At the final follow-up appointment, conducted when the patient reached 14 years and 2 months of age, his stature was measured at 153 cm, placing him within the 3-10 percentile range, with a corresponding standard deviation of -1.54. Despite this, his weight was found to be optimal, representing 121% of the expected value for his age and height. Upon physical examination, the patient’s testicular volume was noted to be 8 ml/8 ml, indicative of normal development, while his pubic hair had progressed to Tanner stage IV, signifying advanced pubertal maturation. Additionally, bilateral gynecomastia was observed, with the right breast classified as Tanner stage III and the left breast also at Tanner stage III.

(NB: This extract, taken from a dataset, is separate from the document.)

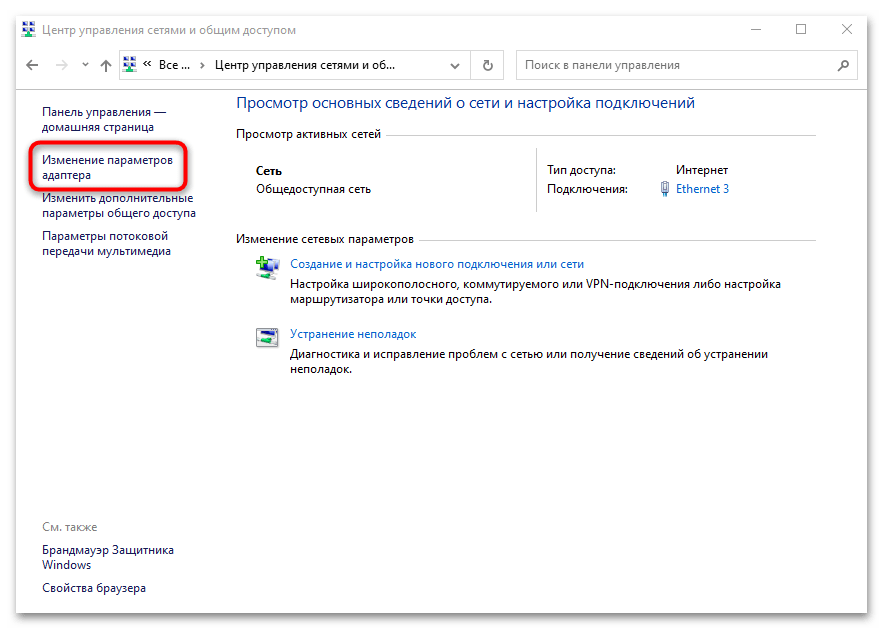 На панели слева выберите строку «Изменение параметров адаптера».

Laboratory investigations, as detailed in Table 1, revealed lower-than-expected growth hormone levels in response to Growth Hormone Provocation tests. Specifically, the L-DOPA peak growth hormone value was recorded at 2.76 ng/mL, and the clonidine peak growth hormone value was slightly higher at 3.08 ng/mL. In light of these findings, the medical team recommended the initiation of growth hormone (GH) treatment to address the observed deficiency and promote optimal growth and development. This decision underscores the importance of proactive intervention to address endocrine imbalances and ensure the patient’s overall well- being and future health outcomes.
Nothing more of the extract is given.